El domingo recibo en el móvil un mensaje de Mila. Que me acuerdo poco de ella, dice. Que no le echo cuentas. Que a ver si la saco de su encierro porque desde que se operó no sale de casa y está que se sube por las paredes. Así que la llamo y quedamos para cenar el miércoles en mi casa porque me dice que necesita ver jardín y perros. Y el miércoles, antes de venir, me envía un mensaje de voz para aleccionarme sobre cómo debo reaccionar cuando la vea: “En cuanto entre en tu casa tienes que decirme que estoy estupenda y que me han dejado fenomenal. Si adviertes algún defecto te lo callas porque la sinceridad está muy sobrevalorada. Así que cuidado con la cara que pones al verme”. Pero la verdad es que no tengo que fingir alegría cuando la veo. El mayor piropo que le puedo decir es que parece que no se haya operado. Aparte de que no tiene ni un hematoma le han dejado una cara muy natural. Como si viniera de pegarse unas vacaciones de ensueño.

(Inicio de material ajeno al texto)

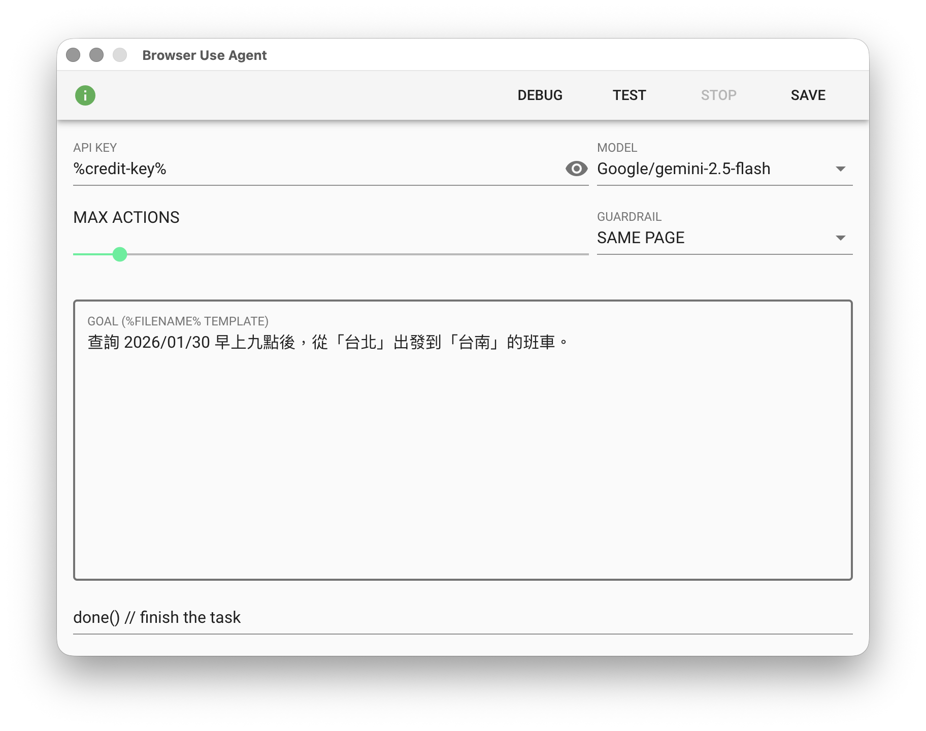 Browser Use Agent 以自然語言描述任務目標,並透過大型語言模型(LLM)自主操作瀏覽器。需注意越大的目標語言模型越容易產生誤判,也會使用更多的 Token,建議拆解成多個小任務來降低失敗率。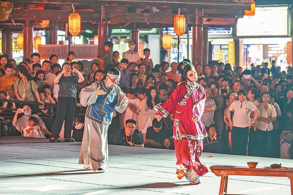 4月17日晚,2026年福建省文旅经济发展大会在漳州古城启幕。此次大会将持续至4月19日,通过策划6场主要活动和60场全省配套系列活动,为民众献上一场“提升文化影响力、展示福建新形象”的文旅盛会。图为漳州市歌仔戏(芗剧)传承保护中心的演员为市民游客表演传统剧目《讨学钱》。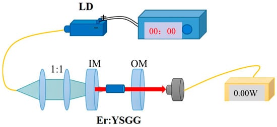 The laser experimental setup (seen Figure 1) was built to explore the laser performance. The pump light was focused on Er: YSGG SCF with a 1:1 coupling system. In order to obtain a high laser output, we used different transmission plane output mirrors (OM) to optimize the system. Moreover, the cooling of the crystal was realized by wrapped it in indium foil, and the crystal was fixed in a copper heat sink. This cooling system can help to remove the heat and keep the temperature at 15 °C.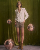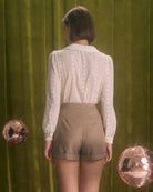 Combineer de Élise Lace Blouse met een high-waisted rok of pantalon voor een sophisticated uitstraling. Voor een moderne twist draag je hem met een geruite short of jeans. Voeg subtiele gouden sieraden toe om de romantische details extra te benadrukken.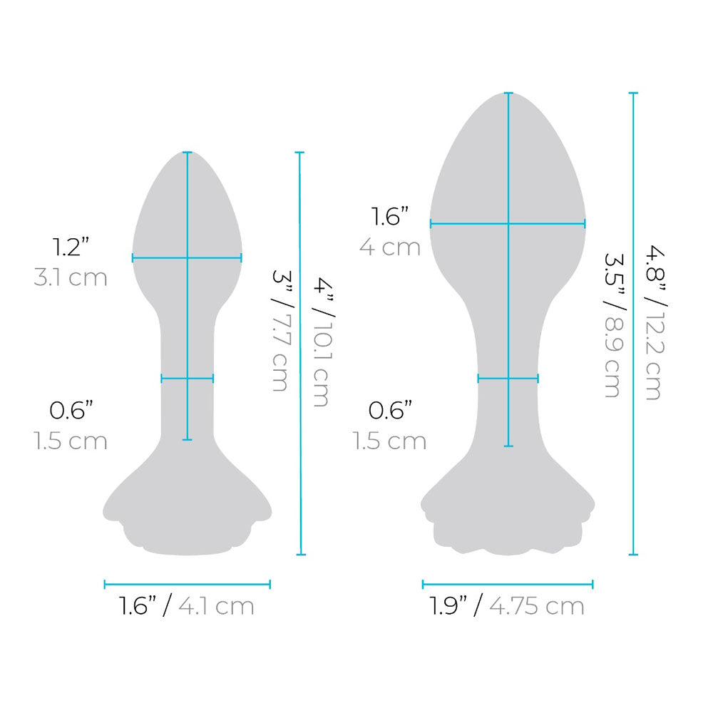 Romance your booty with the Pink Roses Training Set, a dynamic duo of sleek glass butt plugs in a dusty pink hue with rose detailed bases. Expertly crafted with slender necks that graduate to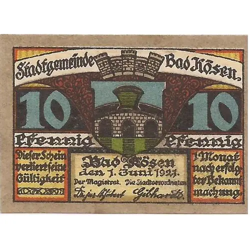 Stadtgemeinde Bad Kösen 10 Pfennig 10 Pfennig Dieser Schein vereliert seine Gültigkeit 1 Monat nach erfolgter Bekanntmachung. Bad Kösen den 1.juni 1921. Der Magistrat. Die Stadtverordneten |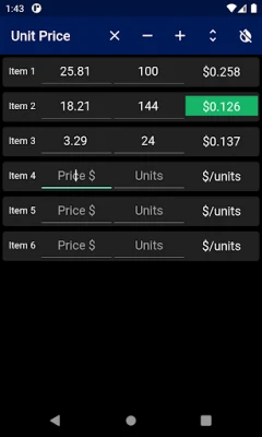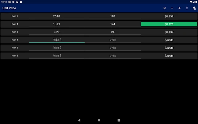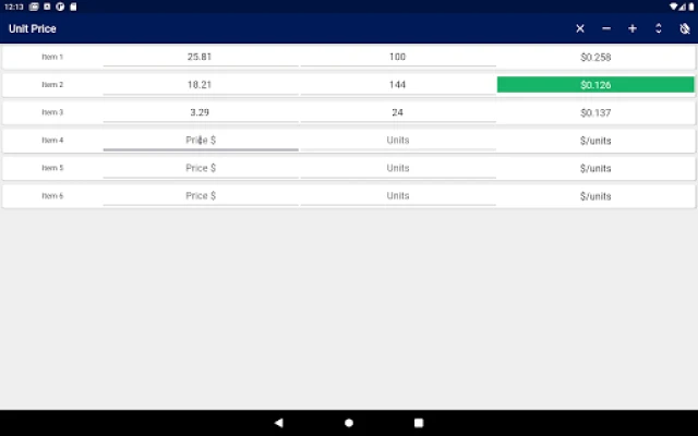 This app is fast because it's dead simple: just type two numbers and you're done. To use the app, just enter the price of the item and the number of units (oz, lbs, number in package, etc). It will calculate the unit price and highlight the best price as soon as the numbers are entered. There are fields for the quantity, name of each item and the name of each item's units, but they're optional.

Me hace gracia porque cuando se ríe lo hace con precaución, como si una carcajada fuera a desmontarle el resultado del quirófano. Cena poco y fuma mucho con P., o al menos a mí siempre me parece que tanto la una como el otro fuman demasiado. De vez en cuando salen al jardín a darle al pitillo y me gusta verlos juntos, intercambiando confidencias. P adora a Mila y Mila tres cuartos de lo mismo a P. Son parte de mi familia. Personas que la vida te regala para seguir luchando.